Today, we are pleased to announce that we have open sourced two new tools to assist engineers in automating the investigation of broken hosts and services: Fossor and Ascii Etch. Fossor is a plugin-oriented Python tool and library for automating the investigation of broken hosts and services. Ascii Etch is a Python library that takes streams of numbers and turns them into visual graphs using ascii characters, originally created to help display output from Fossor. We faced some real challenges that led to the creation of these tools. This post will cover these, and also how Fossor can be adapted and tailored for specific use through the creation of plugins.

Background

One of the most powerful aspects of automation is harnessing a computer’s ability to perform tasks in parallel and thereby parse through vast amounts of data quickly.
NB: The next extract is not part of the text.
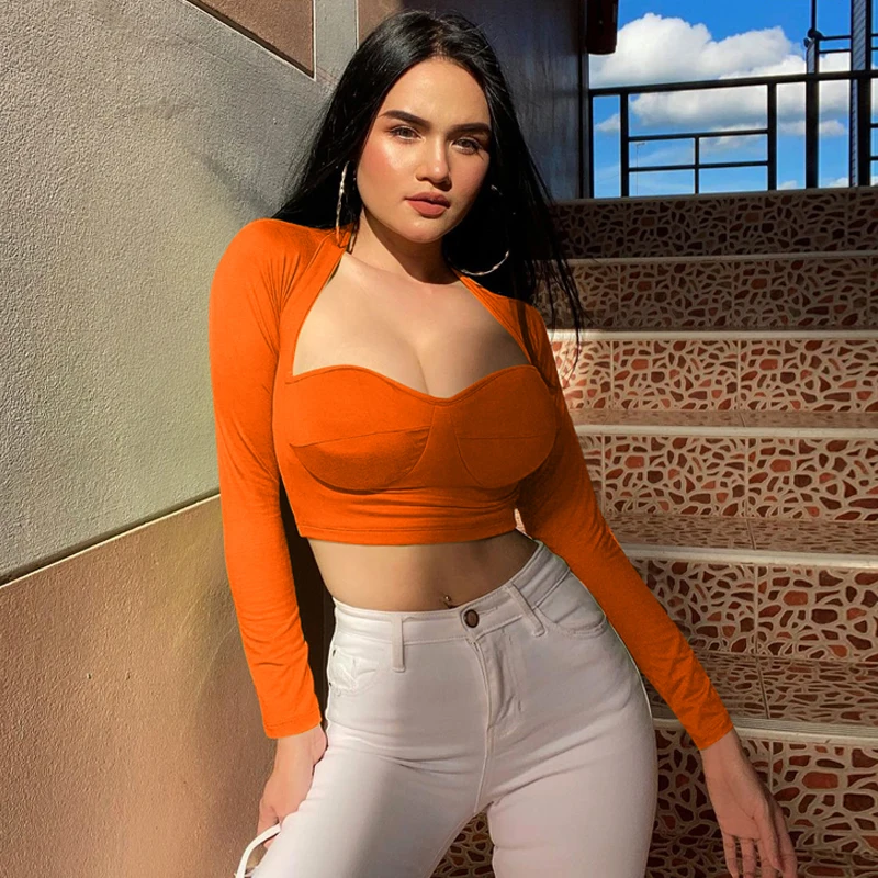 LVINMW однотонный повседневный модный топ с квадратным воротником и длинным рукавом, женские лоскутные обтягивающие сексуальные короткие топы, осенняя уличная одежда

A typical site issue investigation requires performing a sequence of multiple investigative steps, such as the 10 useful commands listed in this Netflix engineering blog post. However, manually tracking commands takes valuable time, especially when dealing with increased latency or a full outage. Having experienced the pain of performing the same repetitive steps again and again during my own oncall shifts, I concluded that writing a tool to perform some of these basic checks in parallel would speed up the mean time to resolution. Taking the idea even further, I wanted a tool that could perform checks tailored specifically to my services while still having the flexibility to incorporate newly-developed checks in the future. Fossor was created to do just that.
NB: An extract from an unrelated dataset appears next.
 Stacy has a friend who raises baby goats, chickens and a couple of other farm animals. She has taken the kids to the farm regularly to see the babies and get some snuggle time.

Fossor architecture and design

In Latin, the word fossor means “grave digger” or “one who digs,” which fits well with Fossor’s purpose of helping users to dig into server or application issues. From its initial conception, an important feature in Fossor’s design was to allow others to easily expand its abilities by adding their own checks through the use of plugins. To ensure optimum performance, even with a potentially large plugin library, Fossor was designed with several key features.

First, to mitigate the problem of having too much output that could potentially obscure key data, Fossor only reports information to the user when it is deemed helpful, as defined by each plugin. This tailored output allows for easy access to reported information. The incorporation of Ascii Etch in certain plugins also allows for a graphical output of data, making the reports easier to read.
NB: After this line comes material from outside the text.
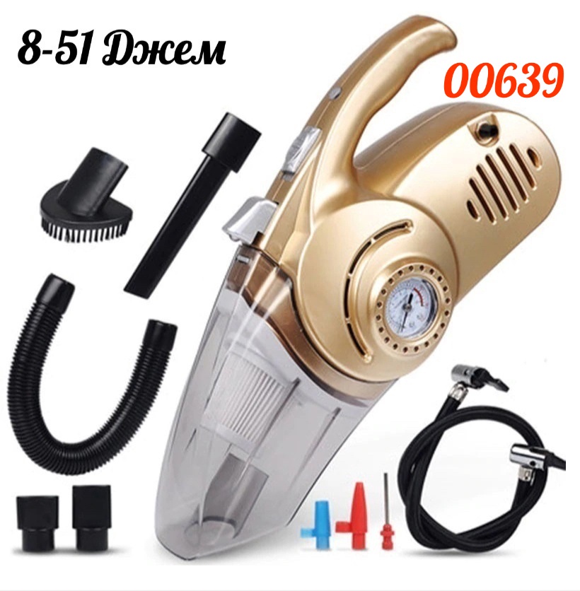 Приобретая автомобиль, каждый владелец машины сталкивается со сложностью поддержания чистоты в своём авто. Использовать тряпки, щетку невыгодно и бесполезно. Хлопот много, результат почти нулевой. Однако с помощью портативного пылесоса 4 в 1 CAR вы можете быть абсолютно уверенны в чистоте вашего автомобильного салона. Сбор мусора будет происходить легко и быстро, и для уборки не потребуется прилагать особых усилий. Теперь вы можете не только почистить салон от пыли и грязи, но и измерить им давление в шине с помощью счетчика давления. Если оно низкое, можно накачать колесо с помощью благодаря функции воздушного насоса. Всего за пять минут оно будет накачено, и вы сможете ехать дальше. Не нужно использовать громоздкий насос. Он быстро и легко очищает салон авто, моторный отсек и багажное отделение, радиус рабочей чистоты составляет 4.2 метра. Преимущества: Оснащен ярким и мощным фонариком, который заменит обычный. Имеет прозрачный пылесборник, а значит вы всегда будете видеть, когда его нужно почистить. Многоразовая фильтрующая сетка HEPA , которую можно стирать в воде, и снова использовать. Пылесос прекрасно улавливает пыль даже в самых труднодоступных местах в салоне автомобиля, где никакая щетка не справится. За счет мощной силы всасывания собирает мелкие монеты и вещи, жидкость, шерсть животных, обрывки бумаги, скорлупу, крошки хлеба. Его можно быстро почистить, и снова собрать. Работает от прикуривателя. Компактный, легкий, удобно лежит в руке, без труда размещается в багажнике машины. Благодаря своей простой и надежной конструкции, он сможет прослужить долгие годы. Характеристики: Мощность компрессора: 100 Вт Влажная уборка: Да Мощность: 120 Вт Длина кабеля: 4,2 м Питание: 12 В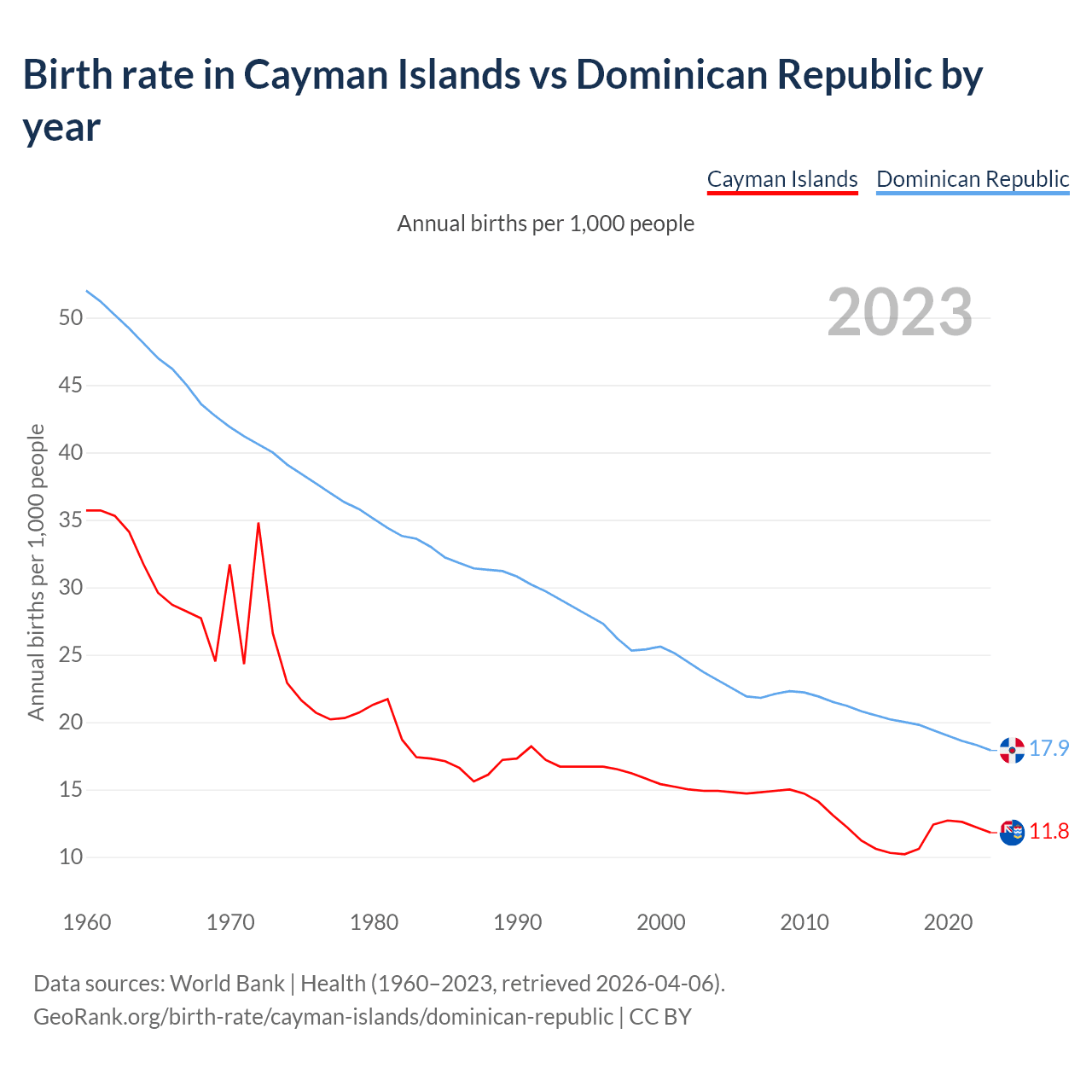 GeoRank.org/birth-rate/cayman-islands/dominican-republic | CC BY

Second, to help curb the introduction of performance- or application-breaking bugs into the Fossor tool, Fossor separates its code into two parts: the engine, and the plugins. The engine is responsible for coordinating plugin execution. It collects the plugins and then carefully runs each one in its own process. By isolating each plugin in its own process, the main engine is protected from a single plugin failing and crashing the application. This plugin resiliency was specifically built in to allow Fossor to safely manage plugins from many contributors, thereby creating a platform for the bridging of expertise among users.

Plugin anatomy

Plugins are small classes that must implement a single method: the run method. If the run method returns output, this indicates the output is “interesting” and should be reported back to the user. Below are two examples of plugins. The run method accepts a single argument, a Python dict named “variables,” used to optionally provide external information to the plugin. All plugin types use this same basic structure.

Example of a Check plugin

Example of a Variable plugin

The Variable and Check plugin examples are nearly identical. Both examples implement the run method with a single argument, variables. Both examples return a sample string if the variable “Debug” exists and is True. The only difference between these two plugins is the class that each is inheriting from. ExampleCheck inherits from the Checks class, and ExampleVariable inherits from the Variable class.

Plugin types

There are three types of plugins that Fossor supports: variable gathering plugins, check plugins, and report plugins. The Fossor engine executes plugins in the flow shown below.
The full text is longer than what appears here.